We also have a great minor hockey system. I’d have to say hockey is probably the most popular sport in town. Our arena’s located across the parking lot. We still run a senior men’s hockey program and we were a part of Alberta’s 100 year celebration here seven or eight years ago.
We’re very proud of our hockey association right now. We currently have one of our guys in the NHL. We have a guy playing pro hockey in Europe. We have a couple of guys playing college hockey in the U.S., and a couple of up-and-comers hoping to play in the CHL in the Alberta Junior Hockey League. So, we run a great hockey program, and the future is bright for that as well.
The sense of community. Being an organizer and to accomplish what we have in town is very special. For me, to know my neighbors, to have my kids grow up in a small town, and go to a great school; And now my grandkids have a brand new school to go to. It’s just a great place to liveMike Soucy
It’s very vibrant. There’s always lots of things going on in town, here at the park, at the arena, at the curling rink. We have a great fair – it’s called Irma Days – and during that we have a summer bonspiel, slow-pitch tournaments, ranchers’ rodeo, parades and a fair, all part of that weekend. It really is something for a village of 500 people. So, I wouldn’t live anywhere else.
My favourite local shop would have to be the Irma Co-op. They’re kind of a one-stop shop there for groceries and hardware and pharmacy, and just about everything else you need. It’s a great little place. We’re very fortunate to have it.
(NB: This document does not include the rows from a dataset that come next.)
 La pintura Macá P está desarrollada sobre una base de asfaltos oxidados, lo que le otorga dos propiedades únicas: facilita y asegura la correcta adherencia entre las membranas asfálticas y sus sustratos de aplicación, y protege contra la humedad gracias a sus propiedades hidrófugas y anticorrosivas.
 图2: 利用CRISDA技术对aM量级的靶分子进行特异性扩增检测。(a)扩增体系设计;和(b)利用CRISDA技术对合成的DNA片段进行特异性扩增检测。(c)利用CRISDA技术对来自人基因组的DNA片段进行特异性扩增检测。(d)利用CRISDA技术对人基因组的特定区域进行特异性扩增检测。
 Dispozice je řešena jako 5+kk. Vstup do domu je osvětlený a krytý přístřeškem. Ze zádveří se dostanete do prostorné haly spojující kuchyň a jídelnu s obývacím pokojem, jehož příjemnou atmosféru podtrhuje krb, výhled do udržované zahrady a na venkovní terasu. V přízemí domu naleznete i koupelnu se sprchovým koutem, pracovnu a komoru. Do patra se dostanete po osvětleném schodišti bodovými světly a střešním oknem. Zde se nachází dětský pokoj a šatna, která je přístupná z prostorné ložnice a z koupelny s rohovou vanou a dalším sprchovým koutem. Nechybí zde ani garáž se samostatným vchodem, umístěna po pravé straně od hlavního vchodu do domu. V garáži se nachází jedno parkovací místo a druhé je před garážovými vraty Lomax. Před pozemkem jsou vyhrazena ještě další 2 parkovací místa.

For other places to visit, my son is living down at Clear Lake, so I’ve visited there the most lately. But we have a couple other lakes at Hardisty, and at Camp Lake, north of Kinsella. So all of them are great little spots to cool off.
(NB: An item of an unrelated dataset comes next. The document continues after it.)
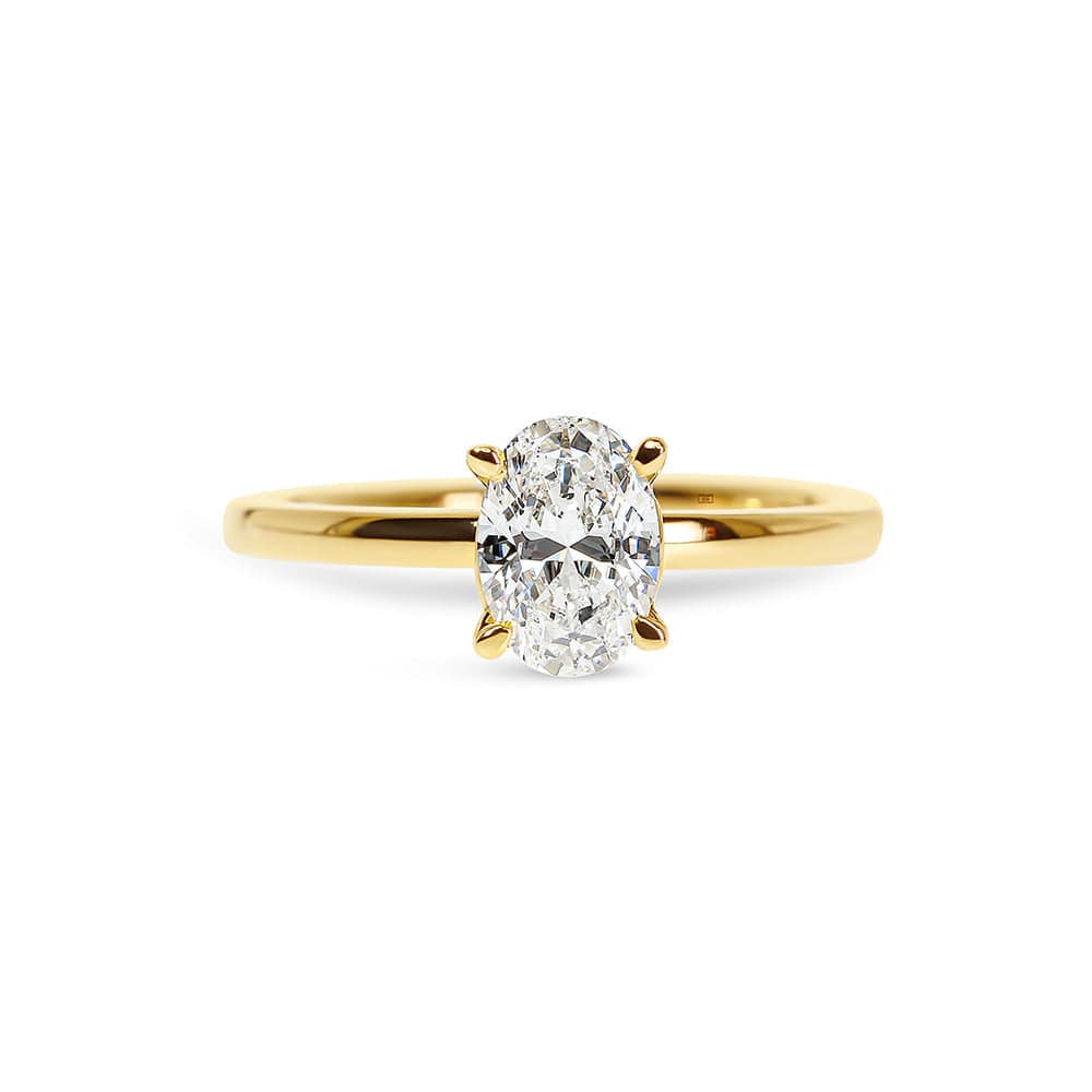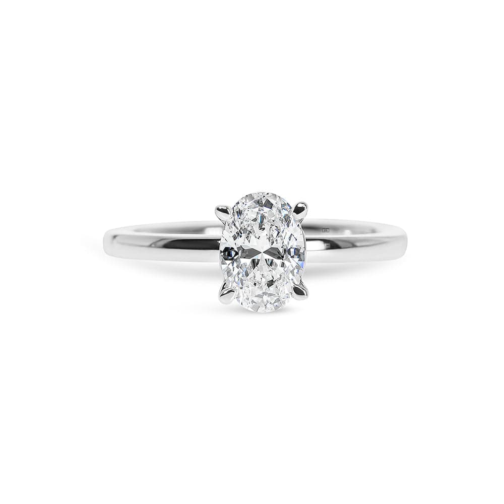 Discover timeless beauty with our Four-Prong Oval Diamond Engagement Ring. The exquisite oval diamond takes center stage, held securely by four prongs, creating a classic refined look of sophistication.
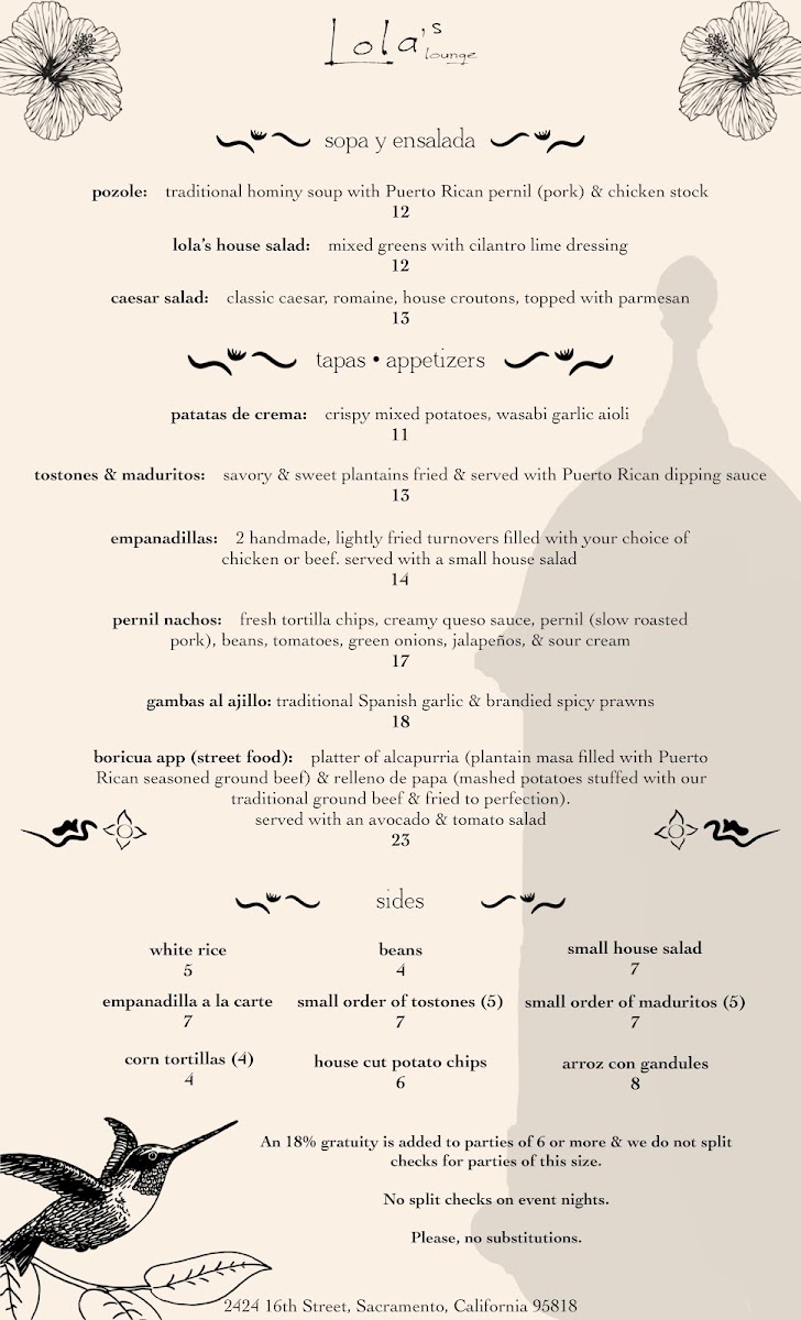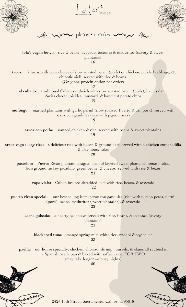 Welcome to Lola's Lounge, a culinary gem located at 2424 16th St, Sacramento, CA, where the heart of Puerto Rican and Caribbean flavors come alive. The menu is a delightful fusion of traditional and innovative dishes that showcases the vibrant culture. Begin with a comforting pozole or a refreshing Lola's house salad before diving into mouthwatering entrees like arroz con pollo or the layered pastelon. Each dish is crafted with care, embodying authentic flavors and warming aromas that transport you straight to the Caribbean.

When in Irma, coming to a fastball tournament is obviously what I think should be your number one thing to do. And then check out our arena. We also have a great campsite located here at the ballpark.
For other things to do, we have a real nice little nine-hole golf course just on the outside of town. It has been very, very busy this year. We’re fortunate with all the rain and moisture we’ve had, it’s in great condition right now. It’s a must see, and we are getting lots of people out that we don’t normally see.
The trestle at Fabyan is one of the largest trestles in all of Canada, and is just a 10 minute drive out of town. The whole Battle River Valley is really something to see. There’s a couple of real great spots to get a good bird’s eye view of it. And the countryside is beautiful around here, if you’re looking just for a drive.
In Irma we do have a few real good places to eat. We have a great little sandwich and soup spot downtown on Main Street, and lots of different things. The Rural Lounge and the Irma Hotel are both places that I like to go or to order out. They both have great food and great refreshments and a great place to go sit and visit with friends.